Measure full range, or at least well beyond the range of the driver, otherwise the reduced range of the sweep creates an artificial truncation of the response which is akin to having a very sharp low pass filter cascaded with the system, with its corresponding phase shift and group delay.


----------



## Rudy81 (Aug 5, 2009)

JohnM, I'll look into those threads. The thread I have most looked at is this one: https://www.hometheatershack.com/forums/rew-forum/38617-aligning-driver-phase-rew-v5-example.html which uses a nearfield mic position. Does it make a difference if the phase is checked nearfield or at the listening position?


----------



## JohnM (Apr 11, 2006)

If you are measuring individual drivers distance isn't that critical, as long as it is the same for all. If measuring with both drivers active would want to be far enough away for them to integrate properly, but 1m is common.


----------



## Rudy81 (Aug 5, 2009)

Just for future reference, I found an excellent article addressing this specific question:

https://www.prosoundweb.com/channel...gnment_-_getting_loudspeaker_drivers_in_sync/


----------



## Jay Compton (Sep 8, 2016)

Hi Rudy,
When I did my system I measured all drivers at 1 meter first to know what the speakers are doing, then I measured from the LP to see what the room was doing to the sound.


----------



## jtalden (Mar 12, 2009)

Hi Rudy,
Yes:

For drivers mounted on the same baffle a 0.05-1.5 m mic distance from the baffle is a good choice. Since your speakers look pretty large I suggest something in the range of 1-1.5 m would be best. The height of the mic should be on, or close to, the line of sight from the LP to the horn to this case. [A mic positioned at the LP can work, but room effects can sometimes make the job more confusing.] If the SW is near the main speaker being measured, then the same mic location can be used for the SW timing as well. For a SW placed well away from the main, it is required to place the mic at the LP for the main to SW timing. We can just deal with the additional difficulty in analysis.

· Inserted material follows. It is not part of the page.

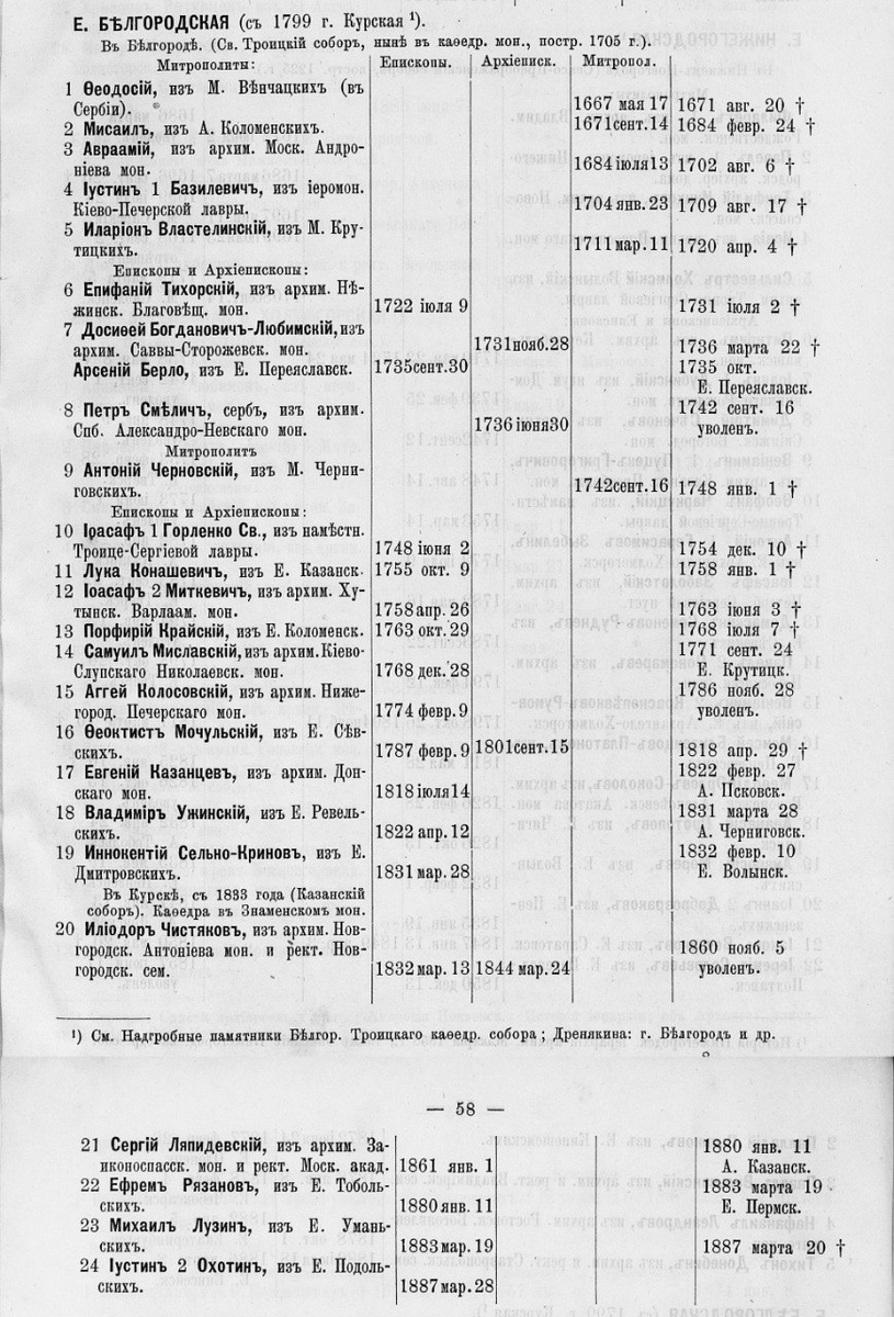 Митрополиты, епископы и архиепископы Белгородской и Курской епархий в 1667–1887 гг

All 3 XO's must be active for each individual driver measurement.


Use the same full range sweep for each driver measurement. Full range means the range that the overall system is designed to handle. Do not push the low end or top end higher than the speaker system is designed to handle. 20-20k would be good for your setup.

There are various ways to determine the delay timing needed between the driver pairs. I can provide support for the method I use.


----------